I asked them if they checked to see if the faucet is bad. They looked at me like I was a moron, so I continued: “What if there was some construction debris in the pipe, and it made its way to the faucet’s hot water valve, clogging the valve.” They asked how I would figure that out. I replied: turn off the cold water valve under the sink. If the faucet still works, it’s piped wrong. If the sink doesn’t work, it’s the faucet.

It was the faucet.

They plumbers apologized profusely and said that their boss would call me to figure out how to repair my ceiling. This is what it looks like.

I understand that mistakes happen, so I call the builder. He tells me that it’s a warranty issue, says he will put in a work order, and according to the warranty documents that I agreed to at closing, they have up to 15 business days to repair it. They will, he tells me, get to it “when they get to it.”

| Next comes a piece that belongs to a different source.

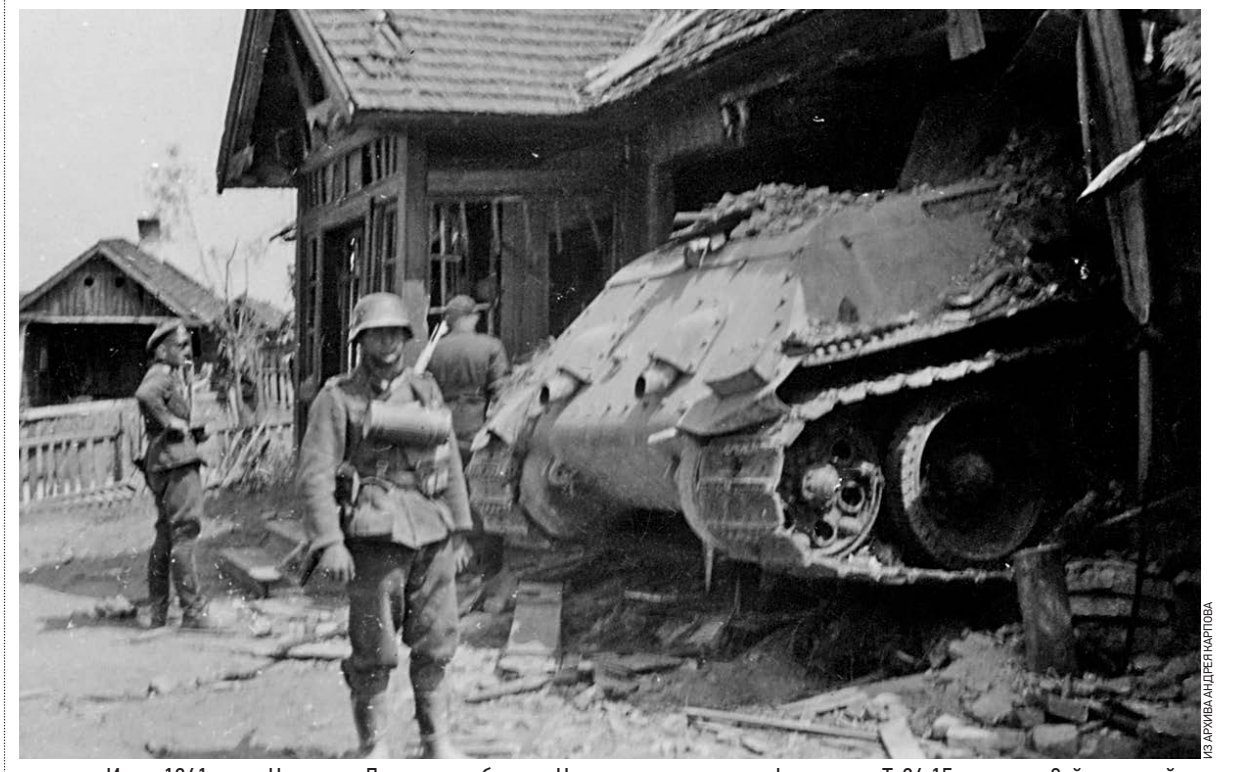
Июнь 1941 года. Немиров, Львовская область. Немецкие солдаты на фоне танка Т-34 15-го полка 8-й танковой дивизии, застрявшего в одном из домов. Судьба экипажа неизвестна

На Руси до XVI века добывали речной жемчуг даже в Москве-реке. Им расширяли одежду, женские головные уборы, сначтерти, церковные покрывала. Обрамляли оклады икон. Русский жемчуг экспортировался в Европу, где он ценился выше даже более крупного морского. Добывали жемчуг артелями. На его добычу требовалось разрешение от властей. Иначе — острог. Добывали его интересным способом. В небольшой плотик вставляли деревянную трубу и через нее осматривали дно, нан в подводный перескоп. Заметив мидии, поднимали их специальными щипцами. За день артель из трех-четырёх работников добывала 4–5 жемчужин, вылавив более тысячи моллюсков. Со временем мода на русский речной жемчуг прошла.

I tell him that he needs to do a better job of reading the warranty. A warranty item is described as a “defect in materials or workmanship that occurred during construction of the home.” This didn’t happen during construction. It happened because his subcontractors were incompetent morons. This means that it is a claim for their insurance, and they have exactly one week to get it fixed. If it isn’t, I am going to hire someone to fix it myself, then I will sue them to collect my costs.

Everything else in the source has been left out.